### Task requirements
Give a verbatim copy of the data, leaving the pictures out.

### Given information
————————

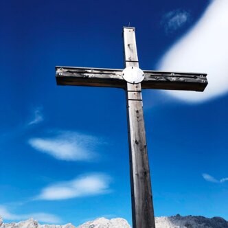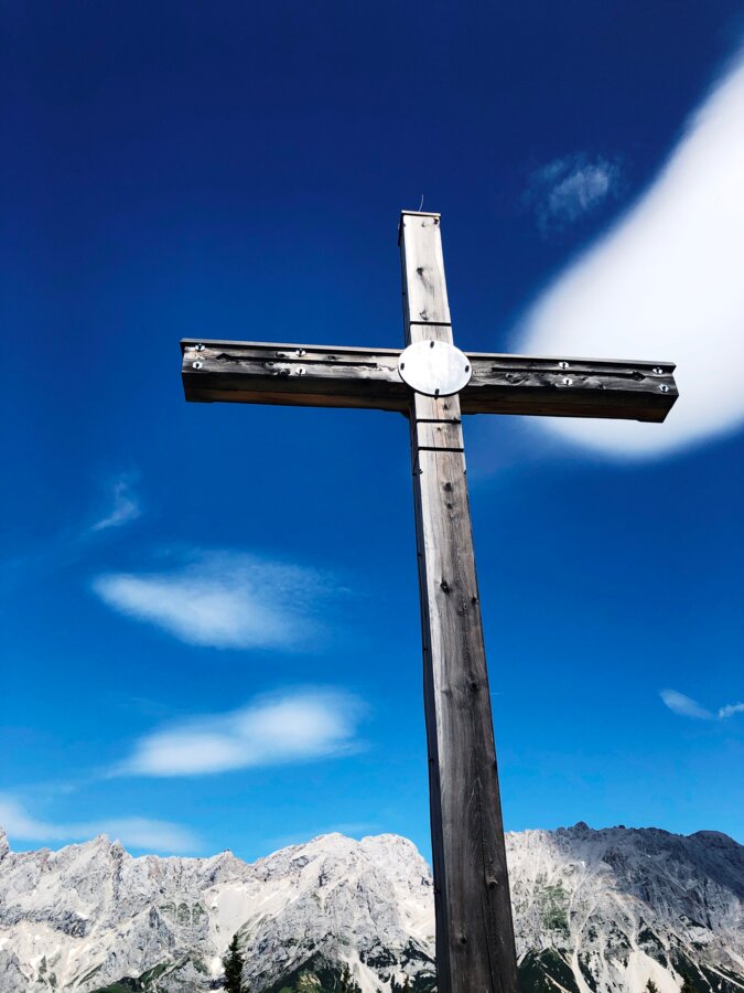 Gipfelkreuz mit tollem Ausblick vom Rittisberg auf den Dachstein.
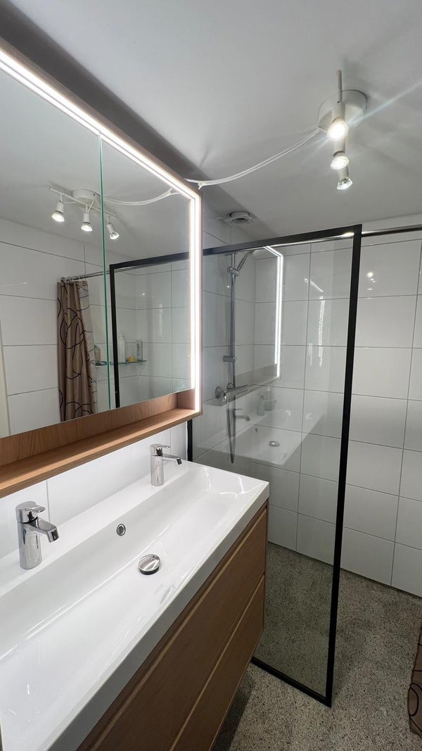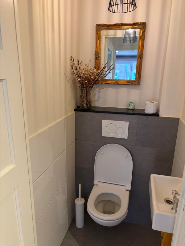 De moderne badkamer is voorzien van een inloopdouche, wastafel en ruimte voor een wasmachine en droger. Het separate toilet is bereikbaar vanuit de hal. In de hal bevinden zich daarnaast twee extra kasten, waardoor er geen gebrek is aan bergruimte. Op de bovenste verdieping van het hoofdgebouw is een extra berging van circa 19 m², die ook gebruikt kan worden als werkruimte. Deze beschikt bovendien over toegang tot een ruime vliering voor nog meer opslagruimte.
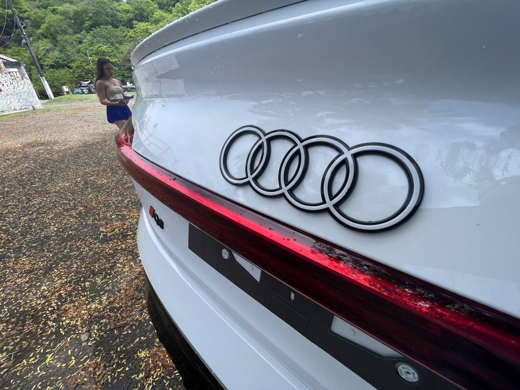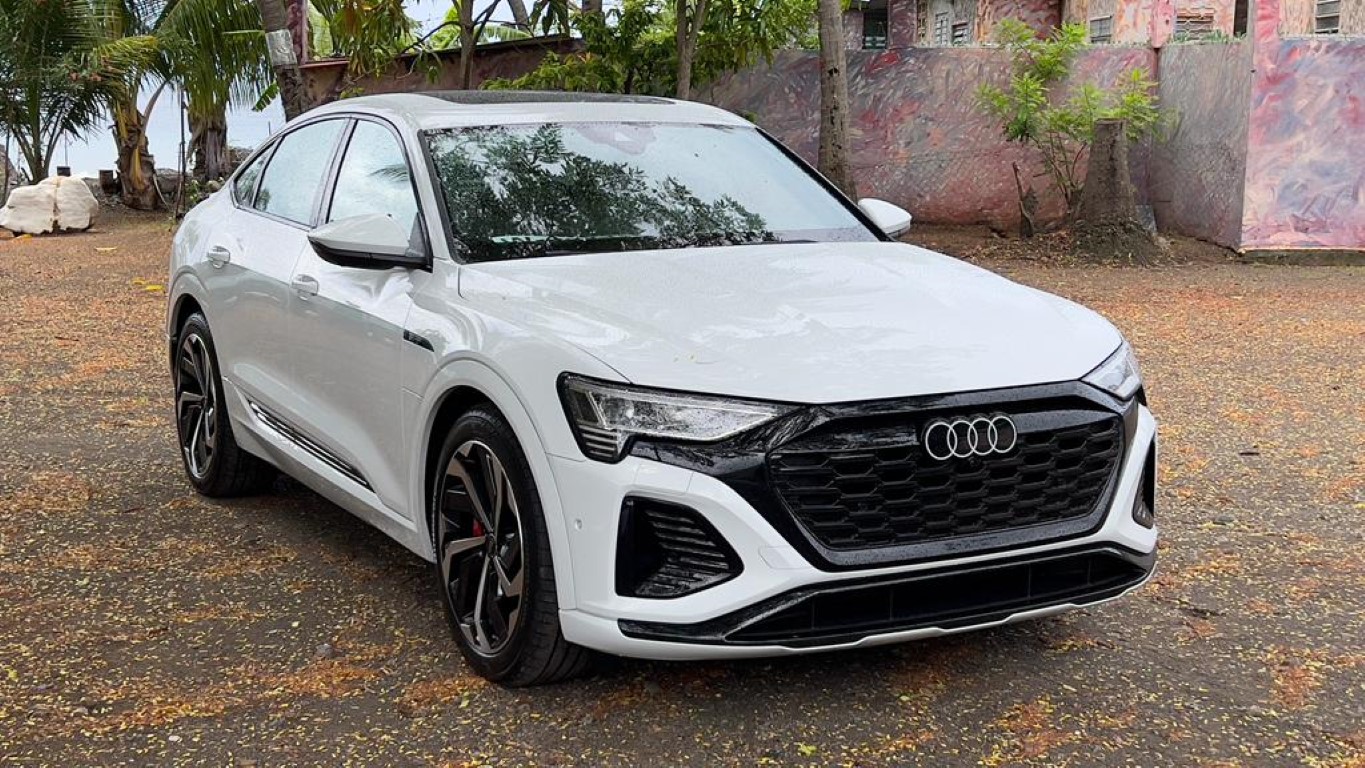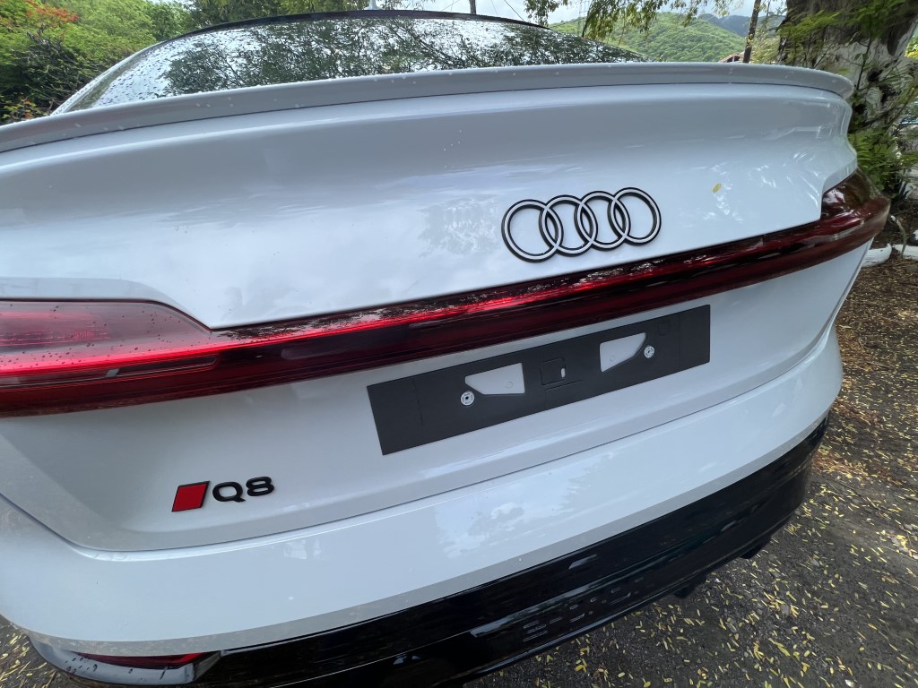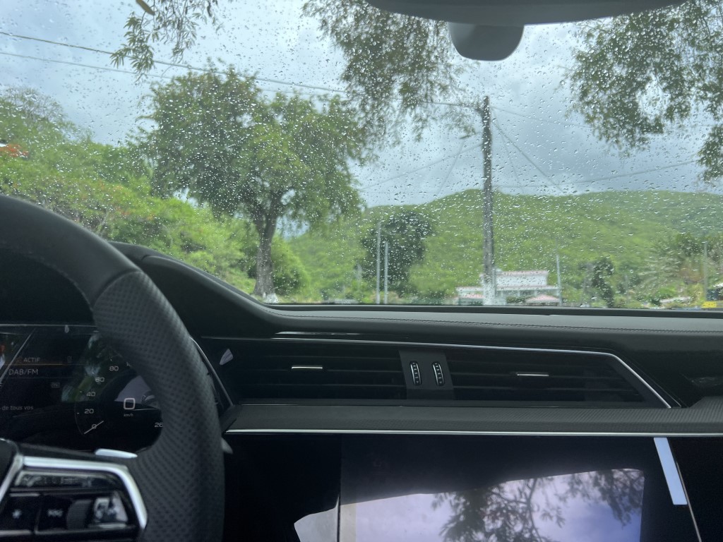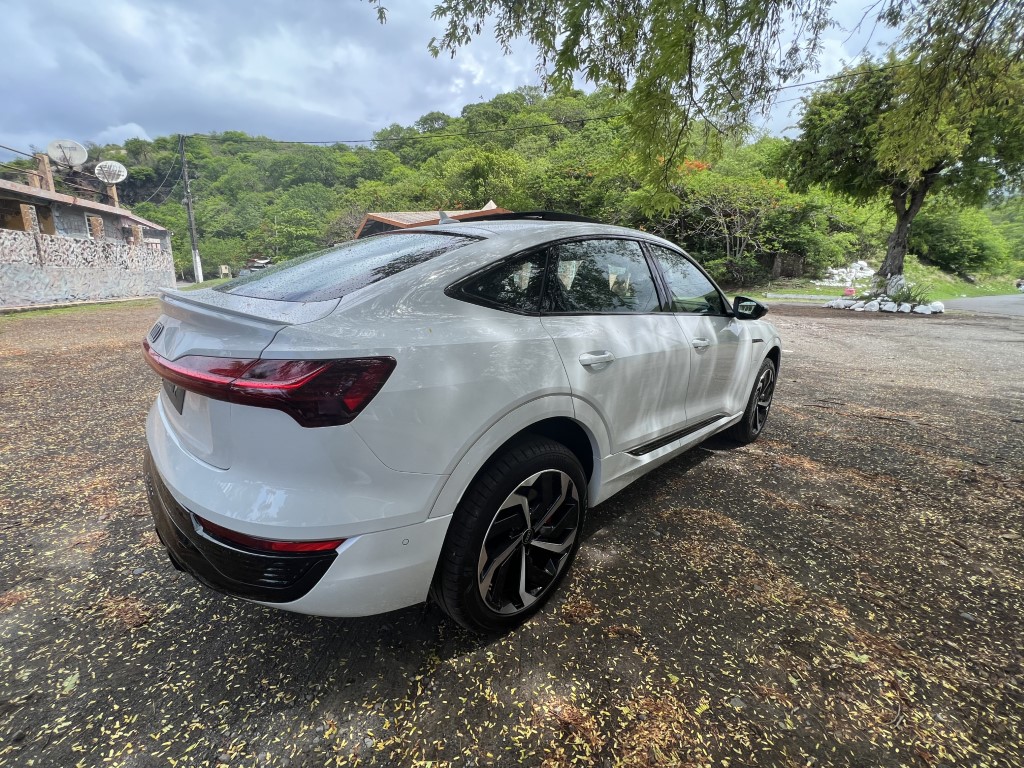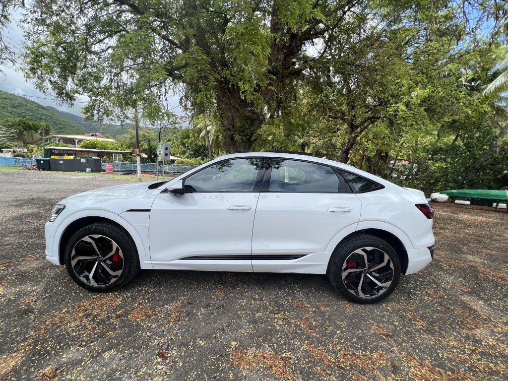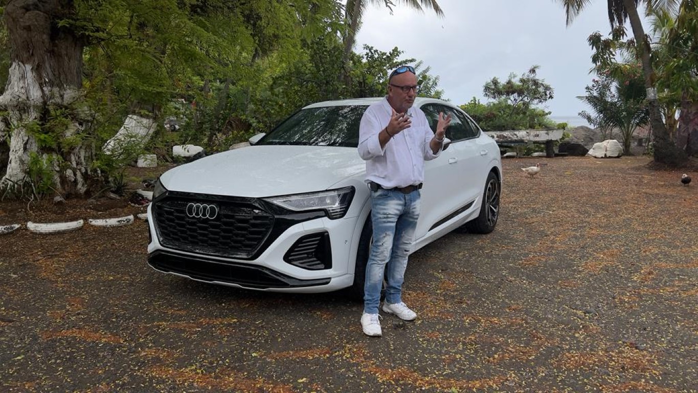 Et oui rappelons-nous ce modèle était le premier SUV de la marques aux anneaux lancé en 2018, aujourd'hui l’e-tron devient le Q8 e-tron. Derrière ce changement d’appellation qui le place en haut de gamme de l’offre électrique devant le Q4 e-tron et en attendant un Q6 e-tron, le Q8 e-tron 2023 fait prévaloir de multiples améliorations. Esthétiquement, on remarque en premier lieu le nouveau logo Audi de type 2D qui trône sur une calandre retravaillée avec un bandeau Led supérieur et le nouveau bouclier avant. A l’arrière, le bouclier est également retravaillé mais les feux ne changent pas. Dans l’habitacle, pas de révolution car rien ne change, hormis quelques apparats, et finalement l’amélioration la plus importante concerne l’intégration de nouvelles batteries qui améliorent considérablement l’autonomie. Départ de chez AUDI Martinique au pied de la Galléria...

————————

### Exercise output
 Gipfelkreuz mit tollem Ausblick vom Rittisberg auf den Dachstein.
 De moderne badkamer is voorzien van een inloopdouche, wastafel en ruimte voor een wasmachine en droger. Het separate toilet is bereikbaar vanuit de hal. In de hal bevinden zich daarnaast twee extra kasten, waardoor er geen gebrek is aan bergruimte. Op de bovenste verdieping van het hoofdgebouw is een extra berging van circa 19 m², die ook gebruikt kan worden als werkruimte. Deze beschikt bovendien over toegang tot een ruime vliering voor nog meer opslagruimte.
 Et oui rappelons-nous ce modèle était le premier SUV de la marques aux anneaux lancé en 2018, aujourd'hui l’e-tron devient le Q8 e-tron. Derrière ce changement d’appellation qui le place en haut de gamme de l’offre électrique devant le Q4 e-tron et en attendant un Q6 e-tron, le Q8 e-tron 2023 fait prévaloir de multiples améliorations. Esthétiquement, on remarque en premier lieu le nouveau logo Audi de type 2D qui trône sur une calandre retravaillée avec un bandeau Led supérieur et le nouveau bouclier avant. A l’arrière, le bouclier est également retravaillé mais les feux ne changent pas. Dans l’habitacle, pas de révolution car rien ne change, hormis quelques apparats, et finalement l’amélioration la plus importante concerne l’intégration de nouvelles batteries qui améliorent considérablement l’autonomie. Départ de chez AUDI Martinique au pied de la Galléria...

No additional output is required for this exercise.